Review This is the second book in my challenge that was written in first-person, and at least for this challenge, I can say that this novel definitely raised my opinions on how far a first-person point of view can go in a larger piece. My complete opinions on first-person works haven’t changed after reading The Twisted Ones, but this book was certainly a valiant effort in trying to offer up a good story written in first-person.
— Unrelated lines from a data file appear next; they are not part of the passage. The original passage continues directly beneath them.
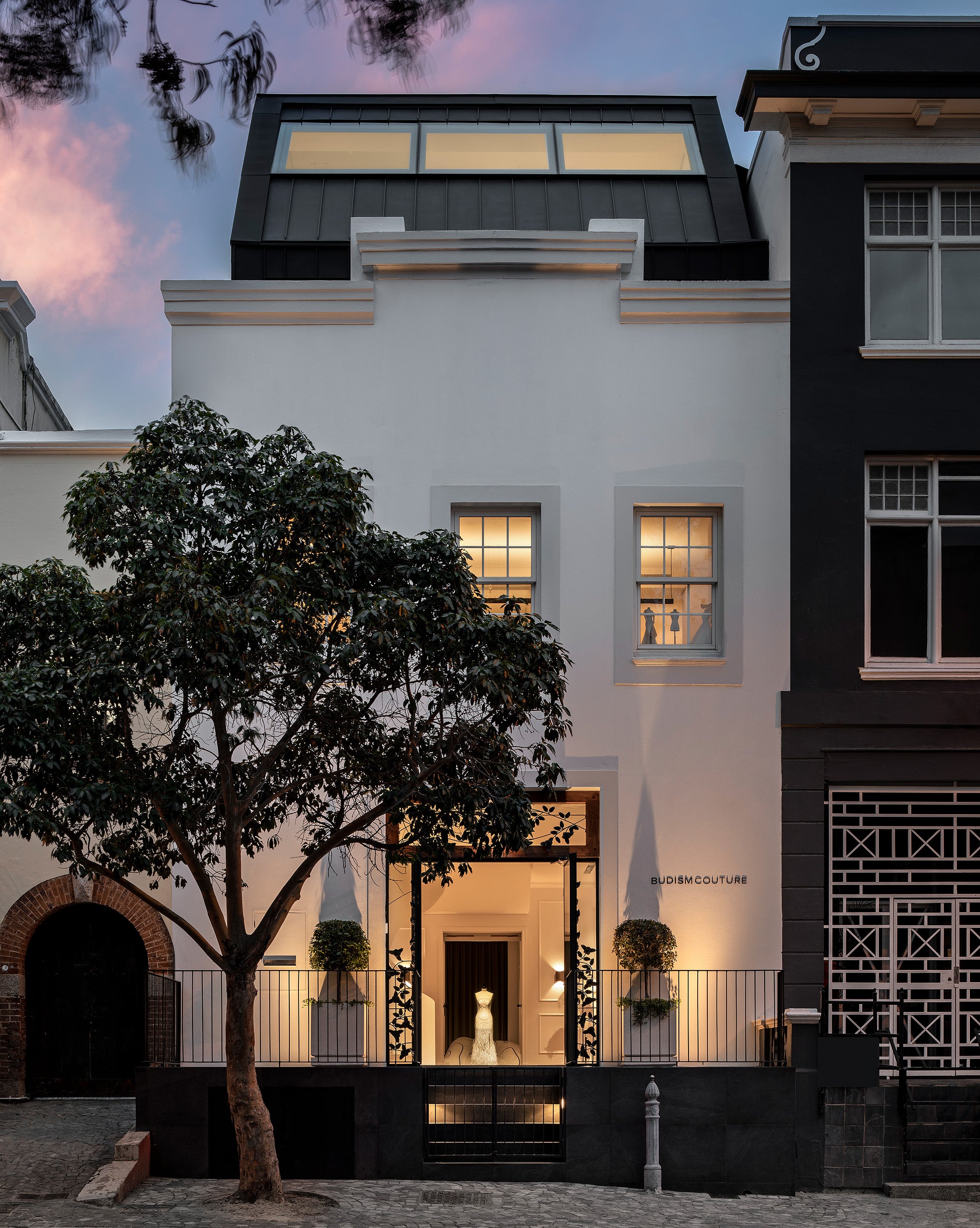 The Maison BUDISM COUTURE is the architectural manifestation of the brand’s ethos and vision. The building is located at 88 Bree Street, in the heart of Cape Town’s CBD, and is part of Heritage Square, the historically most significant oldest city block remaining with the oldest surviving grape vine in the southern hemisphere, estimated to have been planted in the 1770s.
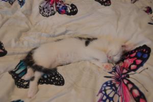 Unsere kleine Bella ist in den letzten Wochen enorm gewachsen und hat viel an Gewicht zugenommen. Nach den Anfangsschwierigkeiten ist sie jetzt bereits bei 1.1 Kilogramm. Bella liebt es zu essen und ist viel beim Futternapf anzutreffen. Dementsprechend strotzt sie nur so vor Energie, sie liebt es mit den Geschwistern zu kämpfen und zu spielen und kann dabei auch mal so richtig frech sein. So beisst sie gerne mal unerwartet in einen unserer Zehen oder Finger oder schleicht sich bei den Geschwistern von der Seite an. Das Haushaltspapier oder irgendwelche Blätter oder kleine Gegenstände sind ihr Lieblingsspielzeug, sie zerreisst, verbeisst oder zerstört diese Dinge schon mal gerne. Bella ist aber auch so richtig anhänglich und verschmust, am liebsten liegt sie mit ihren Geschwistern herum, kuschelt sich in unseren Schoss oder lässt sich von den Geschwistern putzten. Am liebsten liegt sie aber auf unserem Bett, wo man sie wegen ihrer Bettdeckenähnlichen Farbe schon mal übersehen kann.
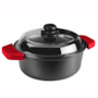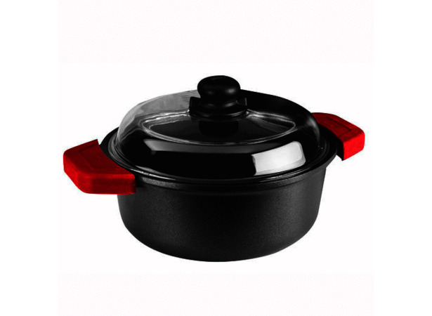Кастрюля из литого антипригарного алюминия с толстым дном, со стеклянной крышкой, ручка из бакелита. Толщина: 6 мм
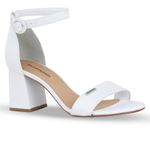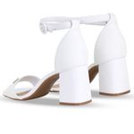 Sandália em couro burnish branco. De salto bloco alto encapado na mesma cor. Possui traseiro fechado com tira ajustável e fivela de metal encapada na cor preta. Gáspea com tira larga e enfeite com nome da marca.

Our point of view character, the main lead, is a woman! I know horror stories have a bad record so far on writing women, but Mouse is; very personable, very modern, has consistent writing throughout the story, and is certainly relatable. Unfortunately, Mouse also feels very dated. Even though I am reading this story in 2023, it’s already coming off as written for a late 2019-early 2020 audience. Certainly a time capsule for this era; Mouse as a character reflects this anxious-nonchalant, meta-referential, uber-relatable woman, but she mirrors the stale cardboard shapes that you might find in a Marvel movie. She is of course surrounded by a small cast of diverse character types, leaning very heavily into the setting of ‘small town’, but does offer a more kind look into the classic archetypes you find in bumfuck nowhere. Overall, it’s a breath of fresh air to have a female lead given the same complexities of her male counterparts in modern fiction, it’s just disappointing that lead characters in the modern era reflect this bland default setting

The plot is fairly simple, and allows a lot of opportunity for scares, but doesn’t have a seamless transition from what feels like two very different stories happening. There’s a fairly classic ‘Something in the Woods’ plot line in the first three quarters of the book, that’s well supported by the atmosphere, the scares, and the diary Mouse finds belonging to her grandmother’s late husband. But then in the last quarter it switches to a different story. It’s almost like there were two movies airing on the tv at the same time, and the channel has just been switched during an ad break. It’s a little jarring initially; Mouse is still the same character, but she is the action-adventure protagonist version of the Mouse that’s been established in this horror narrative. A new character is introduced, along with a lot of important worldbuilding, that didn’t have any foundation or foreshadowing in the first three quarters, even though there was plenty of time and room to do so. It’s a pretty significant tonal switch, and it doesn’t find its horror legs again until right at the end.

If you’re looking for the horror novel equivalent of a Blumhouse production to read for the afternoon, then I’d recommend The Twisted Ones.